Par Emmanuel Todd, le 15 novembre 2016 - Atlantico

Après le Brexit, après Donald Trump, quelles sont les leçons à tirer, pour la France et l'Europe, de ce qui s'apparente de plus en plus à un mouvement de fond ? Comment jugez-vous la réaction officielle de François Hollande ?

Quand on me parle de François Hollande, je hausse les épaules. Ma seule demande, en ce qui le concerne, c'est qu'il rembourse ses frais de coiffeur à la République. Il est nul, au bord d’une rupture psychique avec le réel, mais il est injustement devenu le bouc émissaire de la médiocrité de la classe politico médiatique française. Aucun des candidats du système ne fera autre chose que la politique de Hollande : rester dans l'euro et dans le libre-échange. Avec les mêmes conséquences désintégratrices pour la société française, et la même montée de violence qui en résulte.

Mais ce serait pourtant pour les "élites" françaises le moment d’être lucides et de ne pas refaire en 2017 l’erreur de 1981 : agir à contre temps des pays dominants et leaders, anglo-saxons.

Regardez. La révolution néolibérale démarre avec Thatcher en 1979 et Reagan en 1980 ; en 1981 la France de Mitterrand opère un contretemps exceptionnel. Alors que le virage néolibéral commence, la France amorce un virage soviétique. Elle nationalise. Tout cela pour aboutir, dès 1983, à un retournement mal maitrisé, qui se croit néolibéral mais qui n’est en fait qu’austéritaire. Nos hauts-fonctionnaires naïfs vont finir par concevoir l'euro en le pensant libéral alors qu'il s'agit en fait d'une construction typiquement étatique, presque soviétique dans son désir de domination par en haut de la société.
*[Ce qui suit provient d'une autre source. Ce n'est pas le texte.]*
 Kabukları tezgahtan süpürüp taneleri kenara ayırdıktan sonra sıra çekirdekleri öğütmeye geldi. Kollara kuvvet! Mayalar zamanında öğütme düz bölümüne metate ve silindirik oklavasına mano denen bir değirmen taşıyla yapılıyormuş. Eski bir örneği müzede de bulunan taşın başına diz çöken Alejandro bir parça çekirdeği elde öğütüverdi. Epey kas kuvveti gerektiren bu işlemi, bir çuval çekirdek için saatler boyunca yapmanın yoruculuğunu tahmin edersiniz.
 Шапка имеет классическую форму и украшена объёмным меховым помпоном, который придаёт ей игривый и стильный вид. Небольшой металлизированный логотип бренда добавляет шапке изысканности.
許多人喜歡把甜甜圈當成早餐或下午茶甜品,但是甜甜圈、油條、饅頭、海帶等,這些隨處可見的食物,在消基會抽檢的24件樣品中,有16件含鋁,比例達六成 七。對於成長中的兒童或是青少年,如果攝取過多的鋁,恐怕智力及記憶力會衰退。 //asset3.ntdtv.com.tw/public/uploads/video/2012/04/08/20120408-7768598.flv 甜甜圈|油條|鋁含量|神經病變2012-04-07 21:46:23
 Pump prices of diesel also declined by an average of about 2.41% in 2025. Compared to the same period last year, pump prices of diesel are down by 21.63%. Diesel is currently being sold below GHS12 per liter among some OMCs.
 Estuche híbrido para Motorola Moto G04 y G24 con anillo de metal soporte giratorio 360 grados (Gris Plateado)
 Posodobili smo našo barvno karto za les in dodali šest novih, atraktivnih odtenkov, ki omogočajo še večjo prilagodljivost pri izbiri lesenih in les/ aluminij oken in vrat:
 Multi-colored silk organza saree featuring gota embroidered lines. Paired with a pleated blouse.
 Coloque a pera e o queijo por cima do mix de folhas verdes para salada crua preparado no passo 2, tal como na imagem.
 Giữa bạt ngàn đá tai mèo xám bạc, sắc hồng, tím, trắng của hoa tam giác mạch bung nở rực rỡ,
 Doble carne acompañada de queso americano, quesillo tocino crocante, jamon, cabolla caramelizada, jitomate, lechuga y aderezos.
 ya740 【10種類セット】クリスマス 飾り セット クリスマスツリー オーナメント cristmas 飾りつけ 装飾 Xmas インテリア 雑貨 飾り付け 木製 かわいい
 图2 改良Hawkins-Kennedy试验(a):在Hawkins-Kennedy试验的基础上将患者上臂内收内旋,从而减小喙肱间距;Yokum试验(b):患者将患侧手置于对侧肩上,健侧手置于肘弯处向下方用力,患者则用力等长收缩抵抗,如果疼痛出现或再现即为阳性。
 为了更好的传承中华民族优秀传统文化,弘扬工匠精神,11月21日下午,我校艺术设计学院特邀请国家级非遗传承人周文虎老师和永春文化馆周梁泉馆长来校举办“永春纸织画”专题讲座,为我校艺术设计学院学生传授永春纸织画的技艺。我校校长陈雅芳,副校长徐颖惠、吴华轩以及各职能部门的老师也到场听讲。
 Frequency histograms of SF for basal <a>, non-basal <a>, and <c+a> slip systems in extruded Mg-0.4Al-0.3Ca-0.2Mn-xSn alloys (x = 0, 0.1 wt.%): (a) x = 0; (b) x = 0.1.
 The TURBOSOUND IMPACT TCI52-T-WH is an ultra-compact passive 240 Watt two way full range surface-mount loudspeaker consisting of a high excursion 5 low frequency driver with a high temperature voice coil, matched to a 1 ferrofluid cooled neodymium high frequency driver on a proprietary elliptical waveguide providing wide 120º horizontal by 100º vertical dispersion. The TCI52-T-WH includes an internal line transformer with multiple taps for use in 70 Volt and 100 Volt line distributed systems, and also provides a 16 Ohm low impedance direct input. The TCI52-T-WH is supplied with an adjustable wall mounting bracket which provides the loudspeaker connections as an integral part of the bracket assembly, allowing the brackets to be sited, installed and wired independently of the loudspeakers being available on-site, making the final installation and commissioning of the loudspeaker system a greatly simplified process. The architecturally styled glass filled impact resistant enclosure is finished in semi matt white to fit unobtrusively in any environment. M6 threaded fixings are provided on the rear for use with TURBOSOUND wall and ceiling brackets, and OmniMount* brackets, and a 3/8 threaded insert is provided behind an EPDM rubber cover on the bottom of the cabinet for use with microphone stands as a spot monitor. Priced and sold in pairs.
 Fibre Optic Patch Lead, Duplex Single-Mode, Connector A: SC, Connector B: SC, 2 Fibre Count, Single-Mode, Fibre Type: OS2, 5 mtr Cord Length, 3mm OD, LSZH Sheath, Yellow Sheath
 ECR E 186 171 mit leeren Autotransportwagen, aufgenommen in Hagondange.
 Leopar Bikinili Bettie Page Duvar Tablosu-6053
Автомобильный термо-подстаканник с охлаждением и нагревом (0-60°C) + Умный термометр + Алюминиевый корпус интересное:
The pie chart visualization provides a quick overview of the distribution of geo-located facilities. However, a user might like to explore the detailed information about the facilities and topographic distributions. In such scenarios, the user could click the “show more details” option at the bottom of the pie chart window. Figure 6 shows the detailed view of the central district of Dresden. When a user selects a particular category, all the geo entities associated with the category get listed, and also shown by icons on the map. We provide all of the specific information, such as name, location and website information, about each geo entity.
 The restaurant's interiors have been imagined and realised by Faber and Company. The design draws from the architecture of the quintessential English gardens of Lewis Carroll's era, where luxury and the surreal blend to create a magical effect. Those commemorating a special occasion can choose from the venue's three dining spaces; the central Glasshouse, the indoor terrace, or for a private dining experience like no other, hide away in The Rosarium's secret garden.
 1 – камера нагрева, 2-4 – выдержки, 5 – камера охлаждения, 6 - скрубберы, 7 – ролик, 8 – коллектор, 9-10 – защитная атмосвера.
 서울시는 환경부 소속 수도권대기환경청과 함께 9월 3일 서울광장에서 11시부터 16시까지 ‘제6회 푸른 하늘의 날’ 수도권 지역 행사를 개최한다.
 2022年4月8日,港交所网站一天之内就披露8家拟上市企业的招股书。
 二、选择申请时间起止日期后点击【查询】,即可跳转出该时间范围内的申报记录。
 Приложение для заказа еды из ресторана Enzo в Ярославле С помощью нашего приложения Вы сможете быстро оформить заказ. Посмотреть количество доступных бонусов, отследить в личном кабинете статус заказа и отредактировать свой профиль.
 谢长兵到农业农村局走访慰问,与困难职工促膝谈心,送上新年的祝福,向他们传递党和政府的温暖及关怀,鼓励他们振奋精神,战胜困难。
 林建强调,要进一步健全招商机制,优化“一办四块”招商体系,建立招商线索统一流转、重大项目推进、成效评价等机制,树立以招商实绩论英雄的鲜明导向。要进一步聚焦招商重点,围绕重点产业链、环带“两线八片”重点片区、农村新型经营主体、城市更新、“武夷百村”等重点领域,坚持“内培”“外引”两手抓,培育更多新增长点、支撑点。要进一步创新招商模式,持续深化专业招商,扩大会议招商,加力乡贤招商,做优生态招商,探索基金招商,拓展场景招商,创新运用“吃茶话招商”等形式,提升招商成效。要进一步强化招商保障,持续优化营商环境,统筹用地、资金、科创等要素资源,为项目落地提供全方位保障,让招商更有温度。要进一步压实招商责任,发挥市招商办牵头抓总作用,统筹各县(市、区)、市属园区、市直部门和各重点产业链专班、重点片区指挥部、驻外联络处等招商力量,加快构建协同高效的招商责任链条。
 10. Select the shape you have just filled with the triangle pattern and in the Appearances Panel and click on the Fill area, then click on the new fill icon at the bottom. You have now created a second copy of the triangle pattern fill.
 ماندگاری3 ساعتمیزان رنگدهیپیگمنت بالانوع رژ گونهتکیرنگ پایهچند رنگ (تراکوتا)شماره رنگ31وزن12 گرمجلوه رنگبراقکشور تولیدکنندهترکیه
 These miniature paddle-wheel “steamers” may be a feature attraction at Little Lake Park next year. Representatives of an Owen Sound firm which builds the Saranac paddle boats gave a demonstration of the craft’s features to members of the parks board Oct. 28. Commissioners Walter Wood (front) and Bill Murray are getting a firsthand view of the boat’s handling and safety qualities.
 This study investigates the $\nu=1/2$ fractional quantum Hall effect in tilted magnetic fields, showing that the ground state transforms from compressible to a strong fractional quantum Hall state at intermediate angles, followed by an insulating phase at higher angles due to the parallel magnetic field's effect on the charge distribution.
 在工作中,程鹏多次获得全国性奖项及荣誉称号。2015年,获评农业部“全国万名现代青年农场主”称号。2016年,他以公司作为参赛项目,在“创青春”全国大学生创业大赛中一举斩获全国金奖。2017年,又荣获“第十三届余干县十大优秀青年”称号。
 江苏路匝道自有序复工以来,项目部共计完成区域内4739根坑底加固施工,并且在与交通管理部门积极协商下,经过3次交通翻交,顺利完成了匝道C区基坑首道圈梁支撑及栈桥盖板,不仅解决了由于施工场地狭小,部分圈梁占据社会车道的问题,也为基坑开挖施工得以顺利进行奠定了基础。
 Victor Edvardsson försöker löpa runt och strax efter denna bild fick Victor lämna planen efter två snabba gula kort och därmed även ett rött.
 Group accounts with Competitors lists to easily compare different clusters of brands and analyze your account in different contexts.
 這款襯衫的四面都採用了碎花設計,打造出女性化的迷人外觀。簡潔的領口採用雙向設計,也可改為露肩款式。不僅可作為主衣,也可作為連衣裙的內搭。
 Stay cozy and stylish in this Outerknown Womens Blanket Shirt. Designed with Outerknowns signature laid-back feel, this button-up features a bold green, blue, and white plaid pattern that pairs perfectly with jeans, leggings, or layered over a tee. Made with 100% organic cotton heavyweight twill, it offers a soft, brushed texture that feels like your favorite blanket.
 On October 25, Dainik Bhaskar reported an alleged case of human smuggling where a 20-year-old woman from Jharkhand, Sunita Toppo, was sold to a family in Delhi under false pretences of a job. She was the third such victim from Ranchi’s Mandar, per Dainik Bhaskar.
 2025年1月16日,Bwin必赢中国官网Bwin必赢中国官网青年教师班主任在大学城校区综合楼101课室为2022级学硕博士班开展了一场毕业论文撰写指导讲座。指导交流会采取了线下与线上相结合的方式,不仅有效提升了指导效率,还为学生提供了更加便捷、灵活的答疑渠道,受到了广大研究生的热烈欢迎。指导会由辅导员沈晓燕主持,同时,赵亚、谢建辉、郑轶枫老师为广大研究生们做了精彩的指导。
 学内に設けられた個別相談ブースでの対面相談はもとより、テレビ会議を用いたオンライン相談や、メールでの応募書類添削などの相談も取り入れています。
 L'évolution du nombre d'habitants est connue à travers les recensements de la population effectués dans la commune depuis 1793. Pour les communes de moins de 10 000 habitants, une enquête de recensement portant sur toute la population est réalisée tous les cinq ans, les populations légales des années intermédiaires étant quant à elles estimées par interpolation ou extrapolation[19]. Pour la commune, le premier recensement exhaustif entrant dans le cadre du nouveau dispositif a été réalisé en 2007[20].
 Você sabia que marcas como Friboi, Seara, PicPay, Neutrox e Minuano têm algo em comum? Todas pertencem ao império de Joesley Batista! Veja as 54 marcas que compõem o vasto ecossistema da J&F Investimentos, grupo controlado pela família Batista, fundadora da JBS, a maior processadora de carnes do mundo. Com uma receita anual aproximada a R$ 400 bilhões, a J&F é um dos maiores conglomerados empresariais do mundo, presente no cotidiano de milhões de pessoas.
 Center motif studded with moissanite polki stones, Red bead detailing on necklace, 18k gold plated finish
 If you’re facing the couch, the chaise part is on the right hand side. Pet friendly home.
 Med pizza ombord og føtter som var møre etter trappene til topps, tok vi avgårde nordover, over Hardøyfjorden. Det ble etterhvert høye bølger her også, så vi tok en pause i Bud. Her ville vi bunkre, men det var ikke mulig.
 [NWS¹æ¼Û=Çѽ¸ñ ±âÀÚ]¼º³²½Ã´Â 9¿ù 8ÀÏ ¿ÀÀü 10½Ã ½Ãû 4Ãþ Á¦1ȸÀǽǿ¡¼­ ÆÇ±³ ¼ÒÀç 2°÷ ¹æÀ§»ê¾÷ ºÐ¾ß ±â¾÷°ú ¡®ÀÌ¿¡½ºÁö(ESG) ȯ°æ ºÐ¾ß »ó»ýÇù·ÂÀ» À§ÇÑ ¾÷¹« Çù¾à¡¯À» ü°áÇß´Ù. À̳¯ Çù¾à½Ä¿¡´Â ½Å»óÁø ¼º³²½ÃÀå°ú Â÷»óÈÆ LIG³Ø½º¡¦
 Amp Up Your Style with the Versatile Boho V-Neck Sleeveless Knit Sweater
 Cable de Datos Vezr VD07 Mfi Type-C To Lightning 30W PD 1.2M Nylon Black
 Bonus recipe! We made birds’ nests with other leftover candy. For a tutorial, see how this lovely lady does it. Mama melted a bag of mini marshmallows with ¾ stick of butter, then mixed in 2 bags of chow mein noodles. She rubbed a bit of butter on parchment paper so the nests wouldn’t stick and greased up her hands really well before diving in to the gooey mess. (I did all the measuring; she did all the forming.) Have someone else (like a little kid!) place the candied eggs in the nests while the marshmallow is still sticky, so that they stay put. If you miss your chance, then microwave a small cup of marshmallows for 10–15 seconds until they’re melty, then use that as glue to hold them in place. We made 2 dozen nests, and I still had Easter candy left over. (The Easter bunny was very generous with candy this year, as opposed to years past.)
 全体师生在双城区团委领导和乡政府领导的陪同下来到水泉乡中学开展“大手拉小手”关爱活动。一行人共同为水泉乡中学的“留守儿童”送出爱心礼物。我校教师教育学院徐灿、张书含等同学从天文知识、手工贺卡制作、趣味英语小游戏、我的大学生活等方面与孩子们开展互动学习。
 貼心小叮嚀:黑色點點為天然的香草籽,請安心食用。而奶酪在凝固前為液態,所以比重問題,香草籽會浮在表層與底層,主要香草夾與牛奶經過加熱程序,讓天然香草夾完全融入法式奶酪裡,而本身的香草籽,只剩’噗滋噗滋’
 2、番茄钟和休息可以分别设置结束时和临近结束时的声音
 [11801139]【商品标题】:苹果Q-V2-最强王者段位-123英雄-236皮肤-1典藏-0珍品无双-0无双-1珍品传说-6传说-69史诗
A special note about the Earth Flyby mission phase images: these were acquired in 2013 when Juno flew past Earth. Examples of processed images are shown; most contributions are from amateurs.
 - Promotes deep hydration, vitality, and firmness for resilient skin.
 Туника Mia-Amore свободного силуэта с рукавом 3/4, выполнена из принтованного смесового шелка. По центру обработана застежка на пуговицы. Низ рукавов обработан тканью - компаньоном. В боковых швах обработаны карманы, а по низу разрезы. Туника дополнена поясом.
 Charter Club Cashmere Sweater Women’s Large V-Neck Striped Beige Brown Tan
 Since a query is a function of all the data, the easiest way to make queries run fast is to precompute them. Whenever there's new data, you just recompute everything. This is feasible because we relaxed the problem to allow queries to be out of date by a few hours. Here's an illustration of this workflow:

2017 sera peut-être l'occasion, pour la France, de faire la même erreur, mais à l'envers. Après le Brexit, et Donald Trump, les Anglo-saxons bougent dans le sens de la reconstruction nationale et s’éloignent de l’idéal de la globalisation. Nos candidats de droite, dont l’un sera président, font assaut de néolibéralisme. Tous sont des libre-échangistes bêtas. L’un d’entre eux sera peut-être un nouveau Mitterrand, agissant à contretemps sur la scène mondiale.

Vous faites l’impasse sur le Front national

En France, on peut avoir le sentiment que le Front national est le parti trumpien. Mais il y une différence de fond : aux Etats Unis, au Royaume Uni, la dissidence est venue de l'intérieur même du système : Boris Johnson, Donald Trump sont des gens du système. De son côté, la France n'a trouvé, pour défendre ces idées, que des parias d'extrême droite structurellement marginalisés. Leurs chances de succès restent faibles parce qu’il y a dans chaque peuple une forme de légitimisme, le besoin, pour changer démocratiquement les règles, qu’une fraction au moins des classes dirigeantes accepte de le représenter. En France, ce chemin semble pour le moment bien bouché. Nos classes dirigeantes ne cultivent ni l’originalité ni la souplesse. C’est inquiétant. Le modèle français, ce n'est pas le modèle d'une élite qui lâche lorsqu'il est encore temps, c'est celui d’une élite qui se fait couper la tête. Sur cette base, quand même, je lance par civisme un appel à la droite française : il n’y aurait pas chez vous quelques types audacieux et créatifs disposés à nous éviter des affrontements brutaux ?

Vous fuyez la question raciale

Non, vous allez voir. Je vais commencer par une blague pour semer le doute sur les lieux communs. Ces prétendus "prolos blancs incultes", de la Rust Belt, entre Grands Lacs et Pennsylvanie, ont voté démocrate lorsque le candidat était noir, ils ont cessé de voter démocrate lorsque la candidate est devenue blanche.

Mais soyons sérieux. Si l'on veut comprendre la question raciale, il faut remonter au fondement même de la démocratie américaine.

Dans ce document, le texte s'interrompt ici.